Return all the lines below exactly as written. Drop every picture.
--
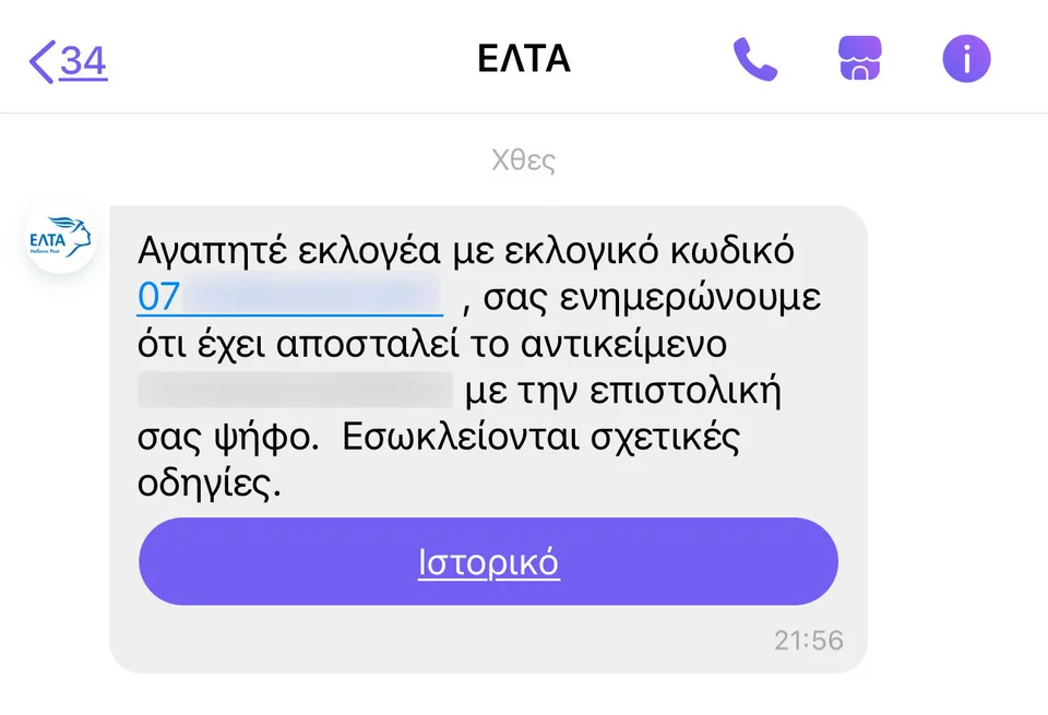 «Αγαπητέ εκλογέα με εκλογικό κωδικό …, σας ενημερώνουμε ότι έχει αποσταλεί το αντικείμενο … με την επιστολική σας ψήφο. Εσωκλείονται ειδικές οδηγίες», είναι το μήνυμα που λαμβάνουν στο κινητό τους τηλέφωνο οι ψηφοφόροι.
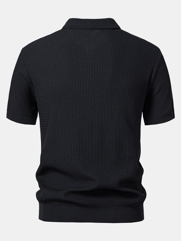 Crafted from soft, breathable knit fabric, this polo blends elevated design with everyday comfort. The jacquard weave creates a rich, tactile surface, while the classic collar and button placket keep the look refined. Perfect for casual outings or dressed-up weekends, it¡¯s a versatile piece with standout texture.
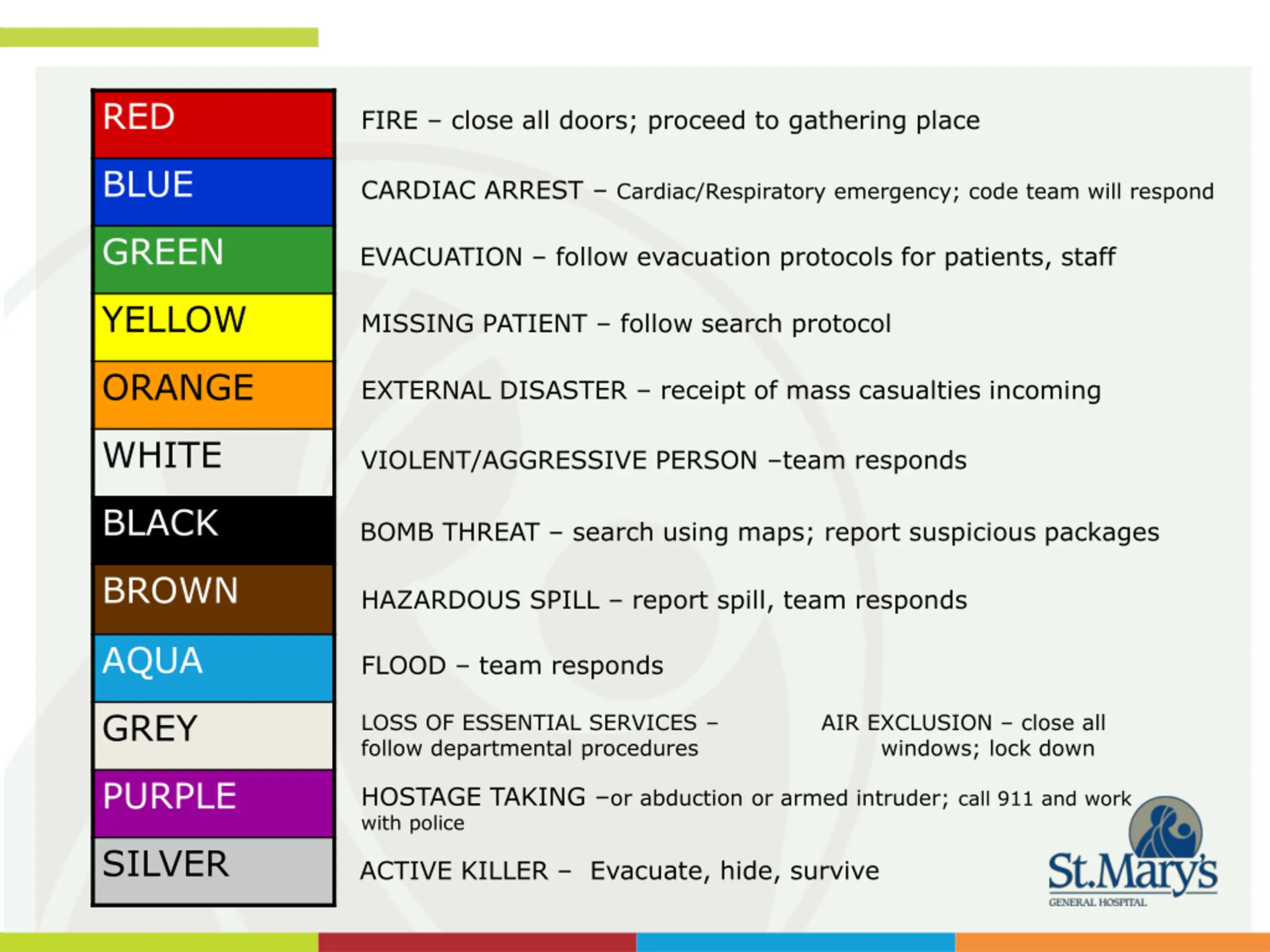 RED FIRE close all doors; proceed to gathering place BLUE CARDIAC ARREST Cardiac/Respiratory emergency; code team will respond GREEN EVACUATION follow evacuation protocols for patients, staff YELLOW MISSING PATIENT follow search protocol ORANGE EXTERNAL DISASTER receipt of mass casualties incoming WHITE VIOLENT/AGGRESSIVE PERSON team responds BLACK BOMB THREAT search using maps; report suspicious packages BROWN HAZARDOUS SPILL report spill, team responds AQUA FLOOD team responds GREY LOSS OF ESSENTIAL SERVICES follow departmental procedures AIR EXCLUSION close all windows; lock down PURPLE HOSTAGE TAKING or abduction or armed intruder; call 911 and work with police SILVER ACTIVE KILLER Evacuate, hide, survive
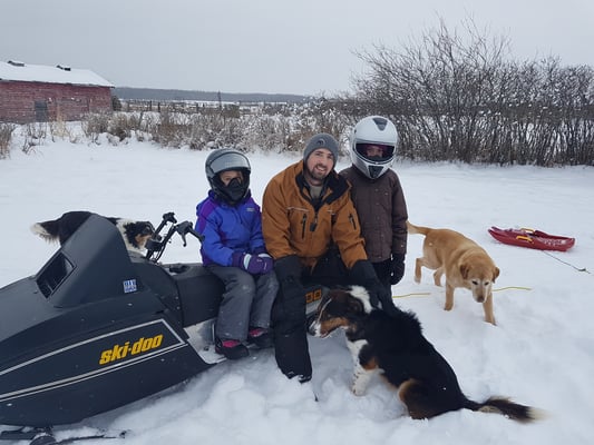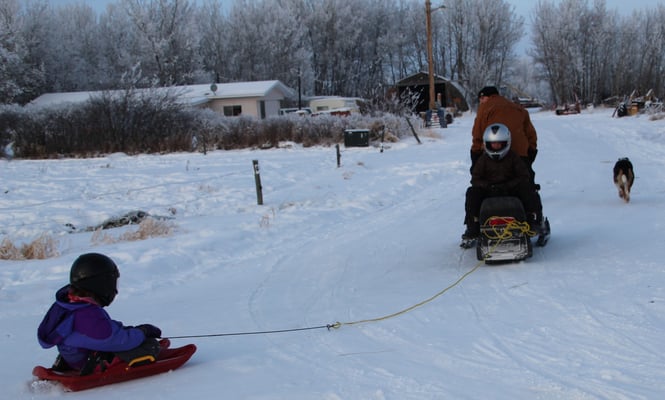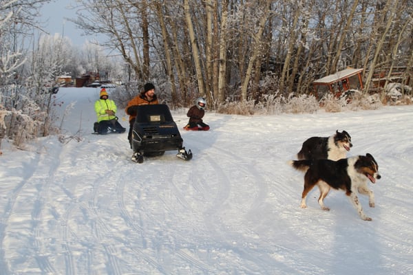 Boxing day the grandgirls persuaded their Dad to get the old snow machine running. The dogs love to run with the snow machine that is pulling kids (sometimes adults too). It was too cold to go ice fishing, but the toboggan and GT rides were great fun. The McLeans had to return to Fort Saskatchewan the next day with a couple of horses; Vawn was teaching riding lessons at an arena close to the city.
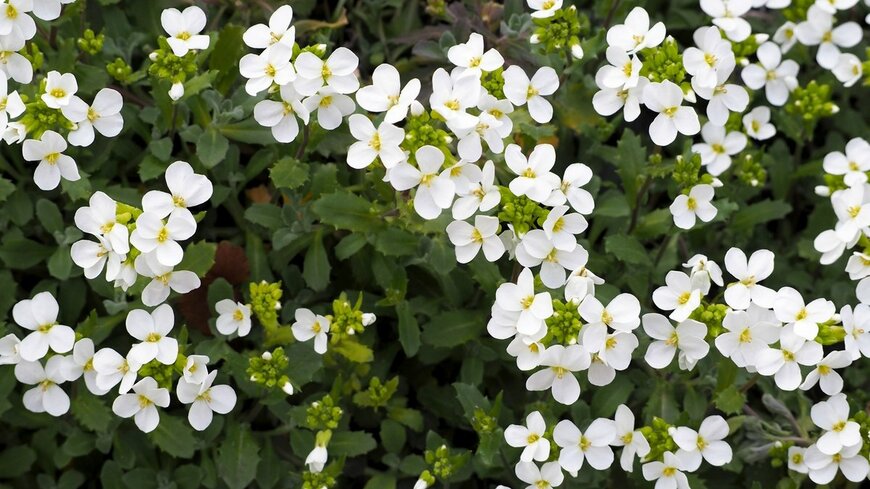 春に白やピンクのカワイイ小花を咲かせるアラビス。見た目の印象が異なる品種が数多くありますが、なかでも斑入りの葉がオシャレな「アラビス・プロカレンス・バリエガータ」は寄せ植えに人気の品種です。
--
Result for this task>
 «Αγαπητέ εκλογέα με εκλογικό κωδικό …, σας ενημερώνουμε ότι έχει αποσταλεί το αντικείμενο … με την επιστολική σας ψήφο. Εσωκλείονται ειδικές οδηγίες», είναι το μήνυμα που λαμβάνουν στο κινητό τους τηλέφωνο οι ψηφοφόροι.
 Crafted from soft, breathable knit fabric, this polo blends elevated design with everyday comfort. The jacquard weave creates a rich, tactile surface, while the classic collar and button placket keep the look refined. Perfect for casual outings or dressed-up weekends, it¡¯s a versatile piece with standout texture.
 RED FIRE close all doors; proceed to gathering place BLUE CARDIAC ARREST Cardiac/Respiratory emergency; code team will respond GREEN EVACUATION follow evacuation protocols for patients, staff YELLOW MISSING PATIENT follow search protocol ORANGE EXTERNAL DISASTER receipt of mass casualties incoming WHITE VIOLENT/AGGRESSIVE PERSON team responds BLACK BOMB THREAT search using maps; report suspicious packages BROWN HAZARDOUS SPILL report spill, team responds AQUA FLOOD team responds GREY LOSS OF ESSENTIAL SERVICES follow departmental procedures AIR EXCLUSION close all windows; lock down PURPLE HOSTAGE TAKING or abduction or armed intruder; call 911 and work with police SILVER ACTIVE KILLER Evacuate, hide, survive
 Boxing day the grandgirls persuaded their Dad to get the old snow machine running. The dogs love to run with the snow machine that is pulling kids (sometimes adults too). It was too cold to go ice fishing, but the toboggan and GT rides were great fun. The McLeans had to return to Fort Saskatchewan the next day with a couple of horses; Vawn was teaching riding lessons at an arena close to the city.
 春に白やピンクのカワイイ小花を咲かせるアラビス。見た目の印象が異なる品種が数多くありますが、なかでも斑入りの葉がオシャレな「アラビス・プロカレンス・バリエガータ」は寄せ植えに人気の品種です。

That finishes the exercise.